In wheelchair racing [6], athletes compete in four categories based on the types of disability: T51, T52, T53 and T54. The distance involved in wheelchair racing include sprint distances of 100 m, 200 m, and 400 m, middle distances of 800 m and 1500 m, long distances of 5000 m and 10000 m in field and the marathon in road. As shown in Fig. 1, racing wheelchairs have two-rear traction wheel with the push-rim that the users use to transmit power, a front steering wheel that is controlled by the users through the steering. On the steering, there is the brake lever that works on the front wheel. Each athlete has a customized sitting. An ultra-light frame connects the two-rear wheel, the sitting and the steering with the front wheel.
In Fig. 2, the steering system of the wheelchair racing is shown.
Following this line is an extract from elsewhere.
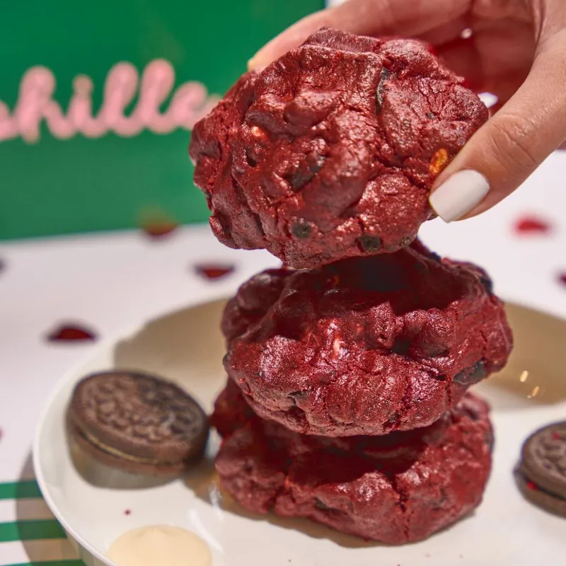 Galleta de masa de vainilla, rellena de caramelo, trozos de pecans y terminada con escamas de sal.

The athlete moves the steering and the front wheel rotates around the joints CS. The fork is connected to the frame through a gas spring that allows to keep the fork in the desired position. During the race field, the wheelchair racing is equipped with the compensator steering, as shown in Fig. 2(a). The compensator steering allows to set a defined angle to achieve the turn with a specific radius, as in athletics tracks. The angle is defined by the distance ε and it depends on the physical characteristics of the athletics track, the wheelchair and the speed. During the race field εL is set to achieve the desired βL to follow the trajectory of the athletics track, while εR = 0, avoiding to turn on right. During the road event the compensator steering is removed, with this configuration the steering angle is adapted for different radius of curvature, as shown in Fig. 2(b).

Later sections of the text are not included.